Hot Springs National Park
Hot Springs National Park surrounds the north end of the city of Hot Springs, Arkansas. Hot Springs has been attracting people for centuries to come heal and relax in the thermal waters and believed the hot springs had medicinal properties, turning the area into a spa town. Pets on a leash are welcome on all trails in Hot Springs National Park and in the campground but are not allowed inside the visitor center and other park buildings.
Mammoth Cave National Park
Mammoth Cave National Park is home to the worlds longest known cave system with over 400 miles explored, earning it the name “Mammoth.” While pets are not allowed inside the caves, dogs are allowed in campgrounds and on the over 70 miles of beautiful hiking trails on the surface.
Petrified Forest National Park
Petrified Forest National Park is located in northeastern Arizona and is named for its large deposits of petrified wood found throughout the area. Pets are allowed on any paved road or trail as well as all official Wilderness areas in the park.

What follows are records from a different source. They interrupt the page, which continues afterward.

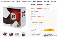 泡泡网CPU频道2月13日 ● 产品型号:FX-4100 (报价 参数 图片 评论 ) ● 产品现价:799元 ● 购买链接:网邻商城 ● 编辑点评:最近推土机旗下又一款新兵到货市场——AMD FX-4100作为AMD推土机家族里最小的成员,拥有3.6GHz的主频,4MB二级缓存,8MB三级缓存,性能不错,在网邻商城的报价799元,推荐喜欢尝鲜的朋友选购。 AMD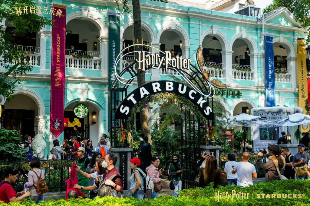 星巴克中国本季度在这方面的表现尤为突出。它与《哈利·波特》的深度联名,将38家门店变身为“霍格沃兹星巴克分校”,推出限定饮品和创意商品。一周内,19.4万根魔法杖被带回家,这一活动不仅创下销售记录,还强化了“第三空间”的概念——一个融合情怀和情绪价值的场所。在跨年夜,有1.3万名顾客参与了倒计时派对;同时,当日销售额创下历史最佳纪录,实现客流和业绩的双重突破。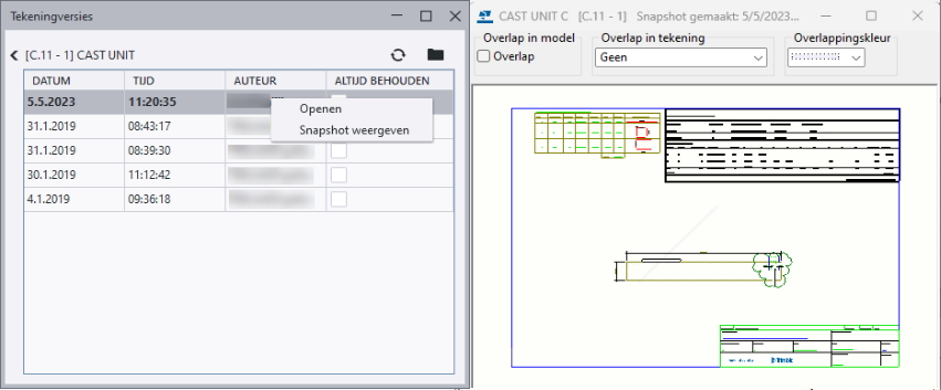 | Snapshot voor een tekeningversie weergeven |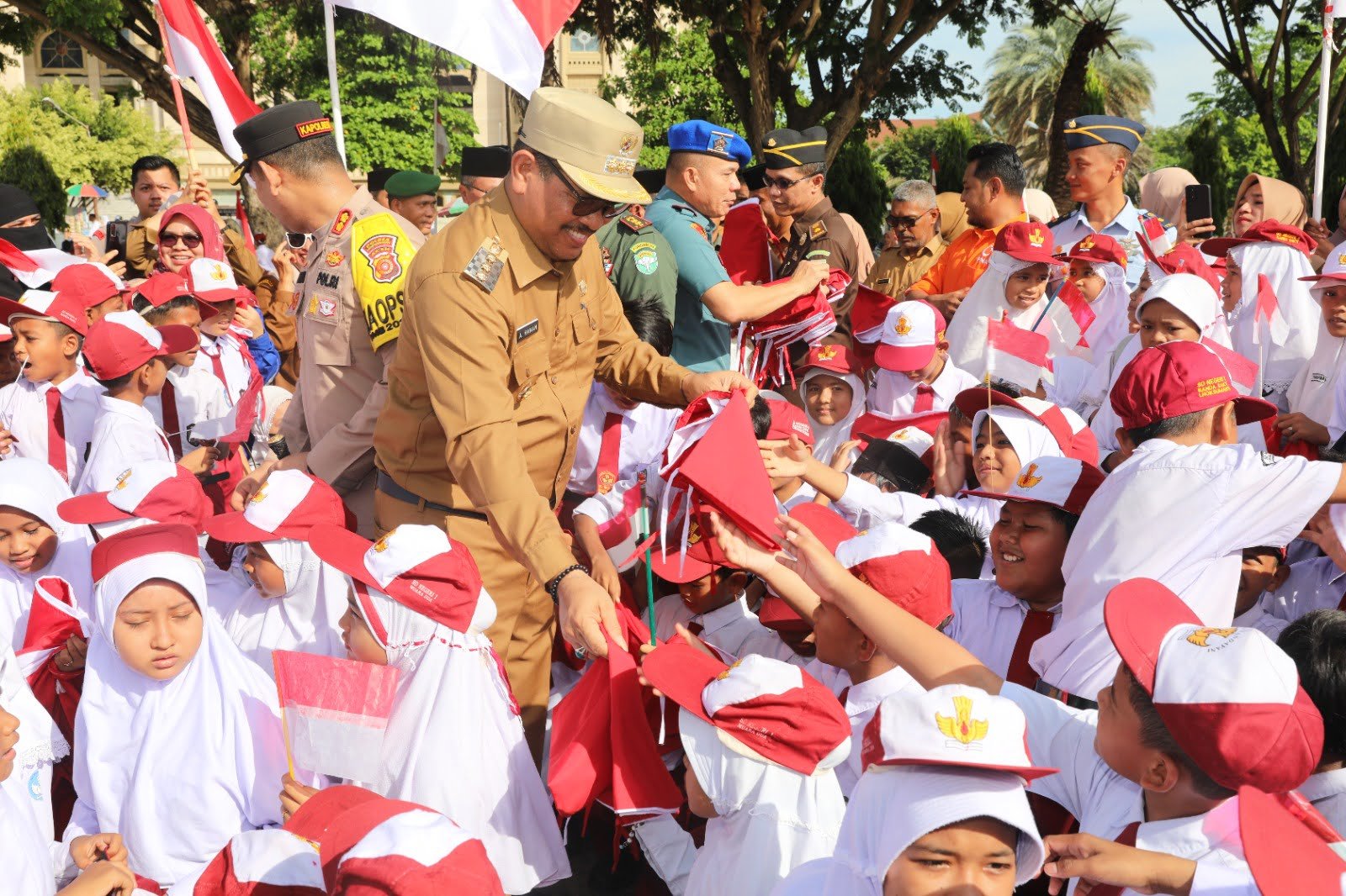 “Pemko berkomitmen penuh mendukung program pemerintah tentang gerakan pembagian 10 juta bendera merah putih di tahun 2024 ini. Pemko dalam rangka menyambut HUT RI ke 79, akan membagikan bendera kepada masyarakat untuk di kibarkan pada saat hari perayaan Kemerdekaan Republik Indonesia 17 Agustus 2024” ujar A Hanan di hadapan peserta apel.

Petrified Forest National Park offers a B.A.R.K Ranger program—inquire in the visitor center!
Shenandoah National Park
Shenandoah National Park encompasses part of the Blue Ridge Mountains in Virginia. With cascading waterfalls, spectacular vistas, and quiet wooden hollows, there is something for everyone (person and dog) in this beautiful National Park. Pets are allowed on most of the 500 miles of trails in the park, with the exception of a few that are too difficult for dogs to access. Pets are allowed in campgrounds and pet-friendly lodging is available.
Tips for Visiting a National Park with Your Dog
No matter which National Park you decide to visit with your dog, there are a few main tips you need to keep in mind.
- Never leave your dog unattended in your car. Temperatures can rise very quickly and your dog is susceptible to heat stroke.
- Always bring enough water for you and your dog on the trails.
- Protect your dogs feet in the warm summer and cold winter months with booties.
- Be prepared for encounters with all nature: bug bites, snake encounters, sharp plants, etc.
- Always bring a bag for your pet’s waste. Protect the environment.
- Respect wildlife. These areas are protected for the animals and the plants that are native to the area. Keeping your dog on a leash and trained with basic commands will help protect the flora and fauna in National Parks.
- Always keep your pet on a leash. Not only is it a rule, it is for your pets safety as well as the safety of other visitors.
- Know where you can go. This article outlines some of the places you can or cannot go with your pets in these National Parks, but it is up to you as a responsible pet owner to do your due diligence and research further before you go.
Trail Etiquette for Hiking With Your Dog
- Always use a leash that is 6ft long or shorter. Retractable leashes are not suitable for hiking with your dog. Not everyone is okay with dogs, because of that you need to keep your dog leashed and close to you.
- Yield to all others when hiking with your dog. Keep your dog out of sniffing or jumping range when crossing paths with other hikers, hikers with dogs, cyclists, horses, etc. Horses are spooked easily and this can be dangerous for them and their riders, be sure to keep your dog far away and still as horses pass by.
- Keep your dog on the trail. Protect the environment and hold your dog to the same rules as humans – don’t let them leave the trail.
- Pack out pet waste. Pet waste is not natural to ecosystem of the trail and it needs to be packed out just as human waste would. Never forget your doggie bags!
There are hundreds of miles of National Park Trails, National Lakeshores and Seashores that will welcome you and your beloved pets! Just do a little research, know before you go and be sure to follow all rules and trail etiquette.